Selecting at Coordinates
- Python
- TypeScript
- Java
with PDFDancer.open("document.pdf") as pdf:
# Find paragraphs at specific coordinates
header = pdf.page(1).select_paragraphs_at(x=72, y=750)
# Find images at logo position
logo = pdf.page(1).select_images_at(x=50, y=750)

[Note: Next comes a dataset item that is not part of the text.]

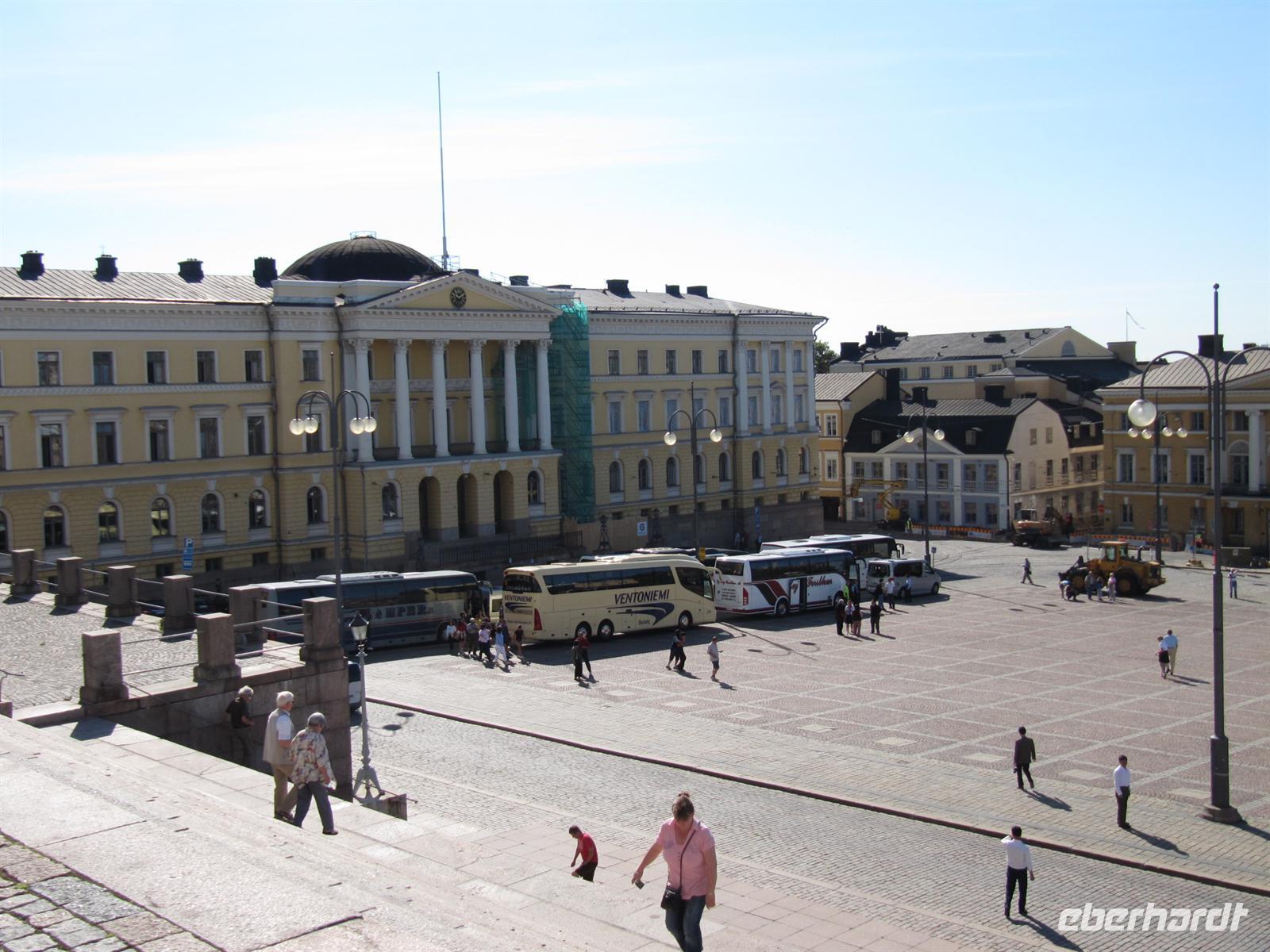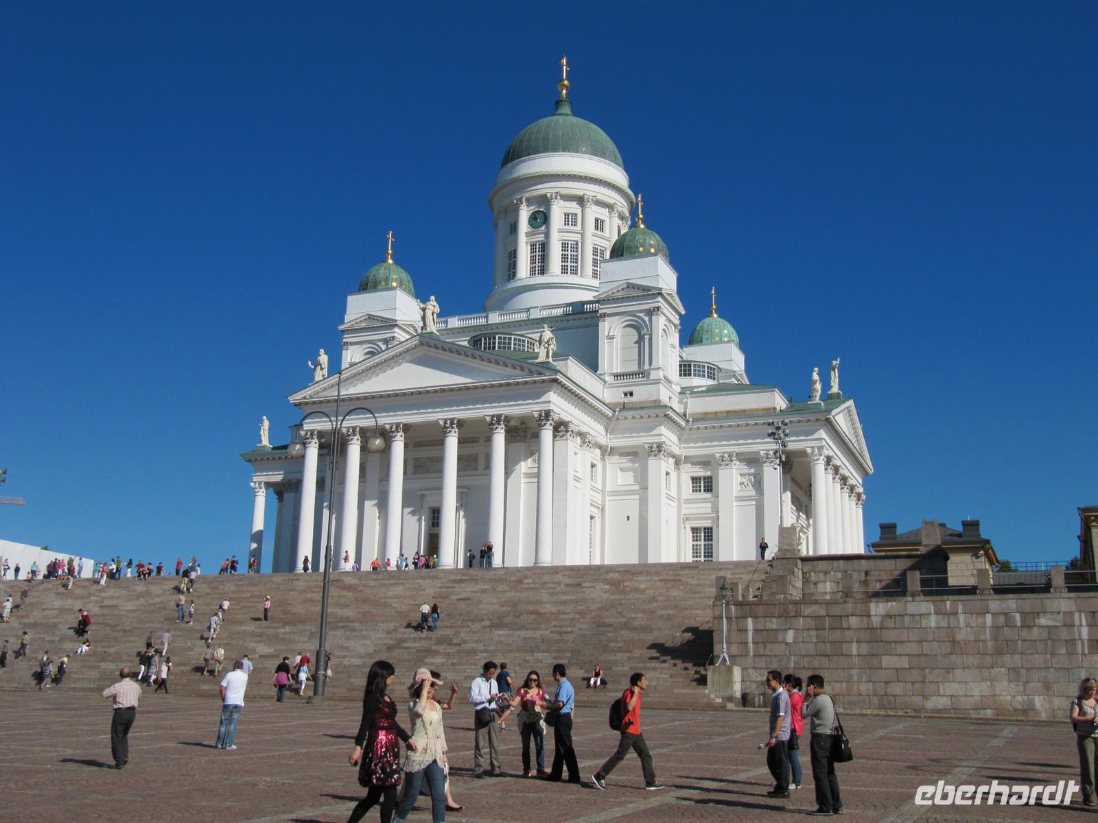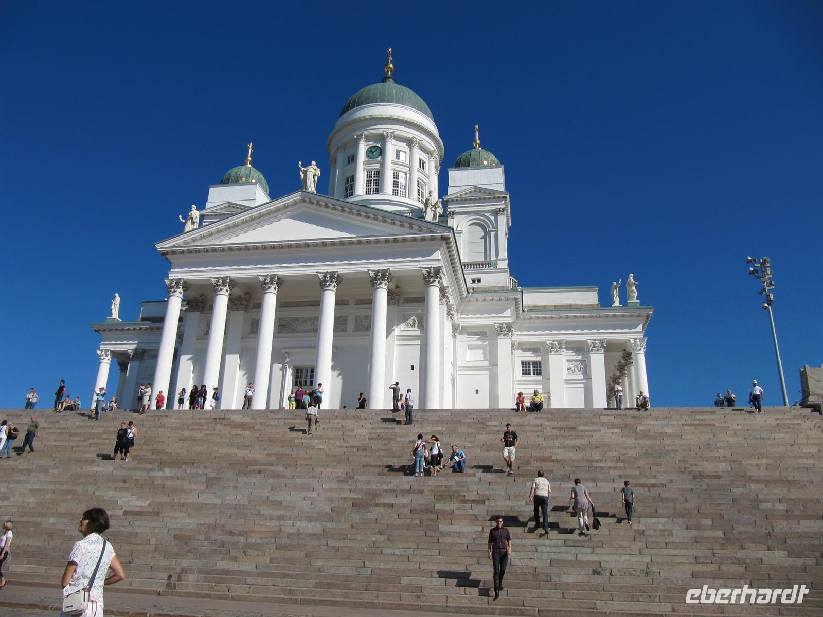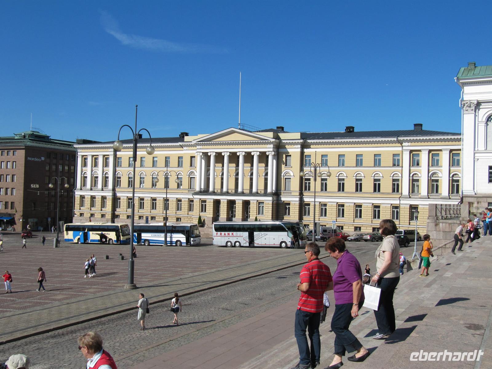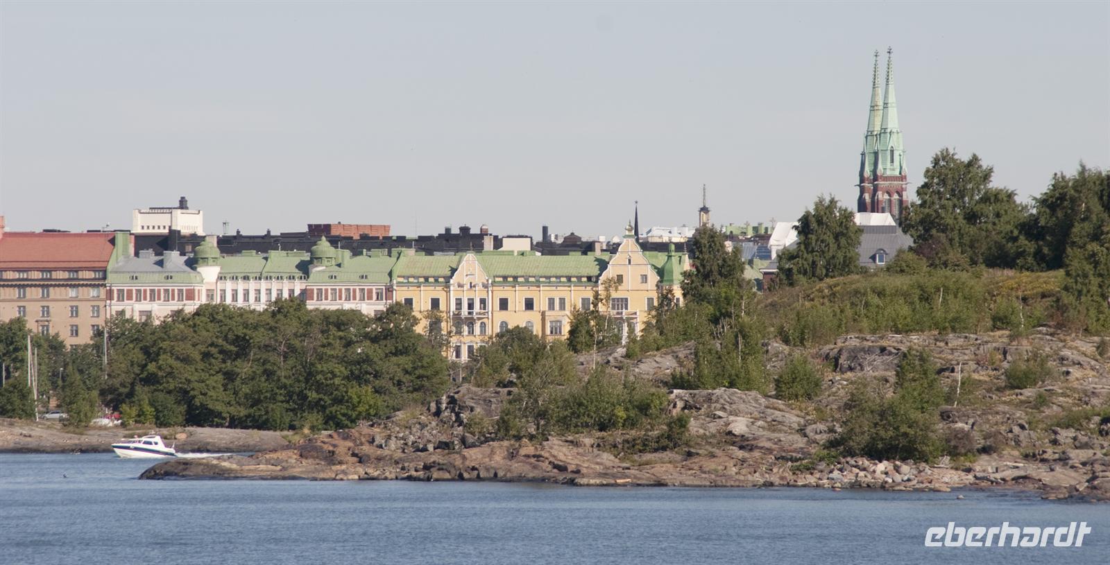 In der Nacht stellten wir die Uhr eine Stunde zurück. Pünktlich 08.00 Uhr erreichten wir den Hafen von Helsinki, der Hauptstadt Finnlands. Per Bus und Schiff erkundeten wir mit unseren Gästen die Stadt. Im Herzen bewunderten wir das prachtvolle Ensemble der Bauten am Senatsplatz. Hier, wo der Berliner Architekt Carl Ludwig Engel, ein Schüler von Friedrich Schinkel, sehenswerte Bauten im Stil des Klassizismus erbauen ließ. Der strahlend weiße Dom überragt nicht nur den Platz, sondern das gesamte Stadtbild. Über die gewaltige Freitreppe stiegen wir hinauf und besichtigten diesen im Inneren. Zudem zeugt die Statue des russischen Zaren Alexander I. von der engen Verbindung Helsinkis und Finnlands zu Russland. Während der Stadtrundfahrt sahen wir auch das alte Olympiastadion mit dem Denkmal des Finnischen Läufers Paavo Nurmi, bestaunten die modernen Gebäude wie die Finlandia-Halle, geschaffen von Alvar Alto, und den Sibelius-Park mit dem großen orgelförmigen Denkmal, das dem großen finnischen Komponisten Jean Sibelius gewidmet ist. Abschließend besuchten wir die berühmte Felsenkirche, die sich fast versteckt im Stadtteil Lutherinkatu befindet. Der Kircheninnenraum ist aus einem Felsen gesprengt, über diesem erhebt sich heute eine flache, rund Kupferkuppel. Die Akustik gilt als außergewöhnlich. Zum Beweis begann ganz sacht ein Klavier zu spielen. So bekammen wir einen kleinen Eindruck. Unsere Gäste, die mit dem Boot unterwegs waren, erblickten die Stadt vom Meer aus und fuhren rund um die Seefestung Suomenlinna.

# Find form fields at signature area
signature = pdf.page(2).select_form_fields_at(x=150, y=100)
# Find paths (vector graphics) at specific position
lines = pdf.page(1).select_paths_at(x=200, y=400)
# Find form XObjects at watermark position
watermark = pdf.page(1).select_forms_at(x=300, y=400)
# Find text lines at specific coordinates
date_line = pdf.page(1).select_text_lines_at(x=500, y=750)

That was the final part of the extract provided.